Cross-dressing was once an uncontroversial Halloween option. A decade ago, one of my favorite Halloween traditions was the dad up the street who put on a Glenda-the-Good-Witch costume, chest hair protruding from his sparkly pink bodice, five-o-clock shadow on his chin. “Hey kids,” he’d say in his unaltered baritone, “want some candy?” It was hilarious. I wonder: could he do that now? Would he be seen as mocking the transgender community? Or would he be praised for bravely rejecting the gender to which he’d been assigned at birth: Newton’s own Caitlin Jenner! Who's to say?
And then, of course, there's the matter of candy.
Childhood obesity is an epidemic, or so it seems. By giving kids sugary candy, are we dooming them to a life of Metabolic Complex? Snickers or Reese’s could trigger anaphylactic shock in children with peanut allergies. Twix or Kitkats could cause no end of digestive woes in children with Celiac disorder. Almond Joy bars have soy (not to mention almonds! Killers for those allergic to tree nuts); Three Musketeers bars have egg whites. Allergens, all! Not to mention the many candy bars with palm oil – Baby Ruth, Skittles, Butterfingers. Palm oil -- the monoculture that is destroying the rainforests in Indonesia! And then there's all the extra packaging for those tiny little candy bars.
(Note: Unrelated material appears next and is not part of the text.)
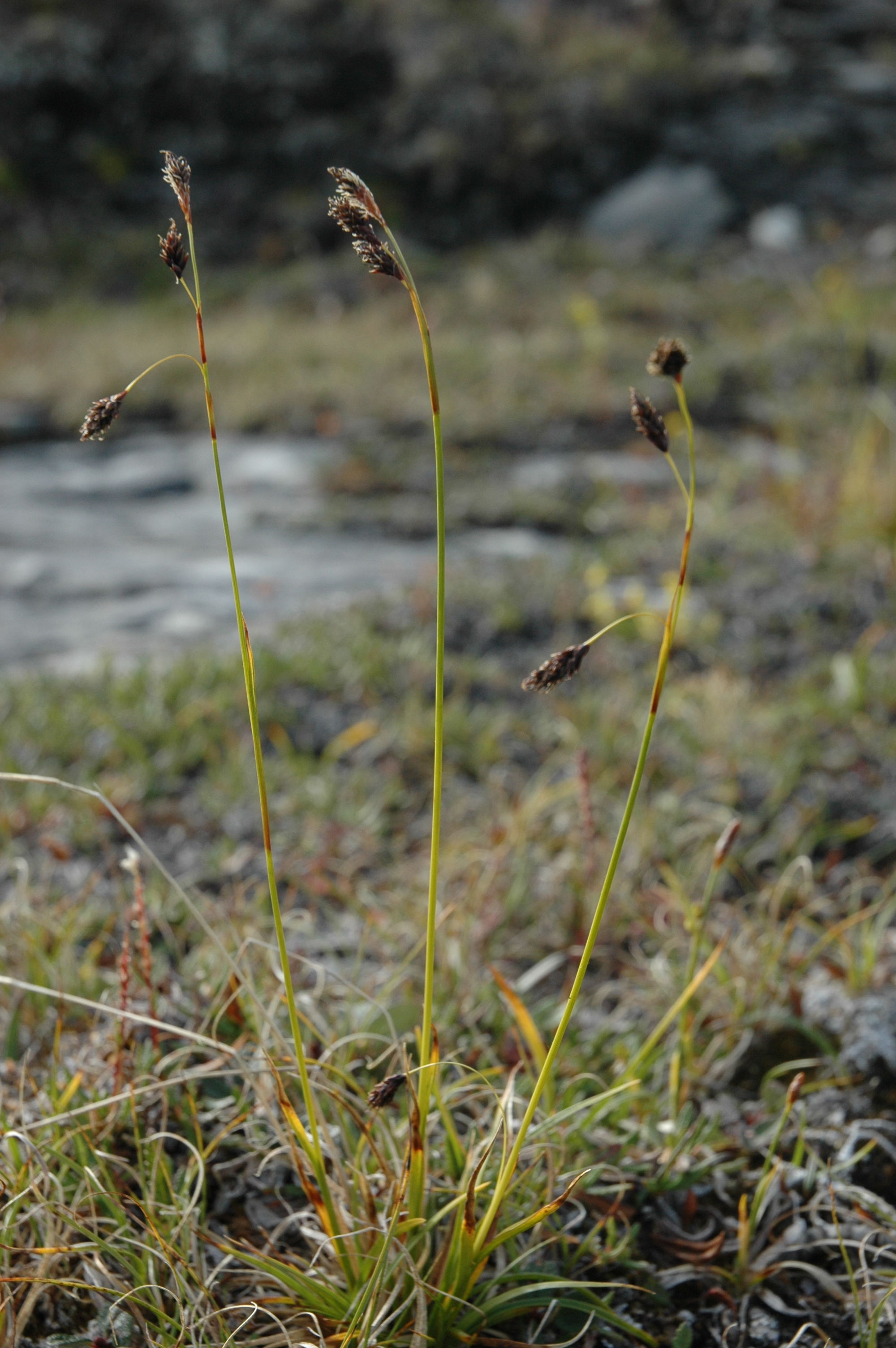 Carex fuliginosa subsp. misandra from Torne Träsk Sweden.

I could just skip the candy this year and give out little toys – nobody would get poisoned, at the very least. Oriental Trading Company has a ready-made selection:
But this garbage is just landfill waiting to happen: more plastic in a plastic-laden world. Perhaps I could give out pencils? There are all different shades and fun designs. That would be a functional item to distribute! Except that pencils are BORING. The point is to delight the children, not to elicit epic eyerolls. And anyway, isn’t the name “Oriental Trading Company” itself a little suspect, with its stereotypical images of the Chinese purveyors of cheap goods?
This year, I am going to celebrate Halloween in a way that truly embraces all of my values. I will prepare a big batch of healthy treats, made with a gluten-free whole grain (I’m thinking kamut), sweetened with agave nectar and moistened with a sustainably-harvested oil. (I will avoid pumpkin, which is relatively high on the FODMAP scale, and which might thus prove troublesome for children with Irritable Bowel Syndrome.) I will wrap each of these treats in unbleached, compostable parchment paper.
And then, because the children will find them disgusting and because in any event their parents won't let them eat unwrapped stuff from strangers, I will just go ahead and throw them all into the compost bin myself.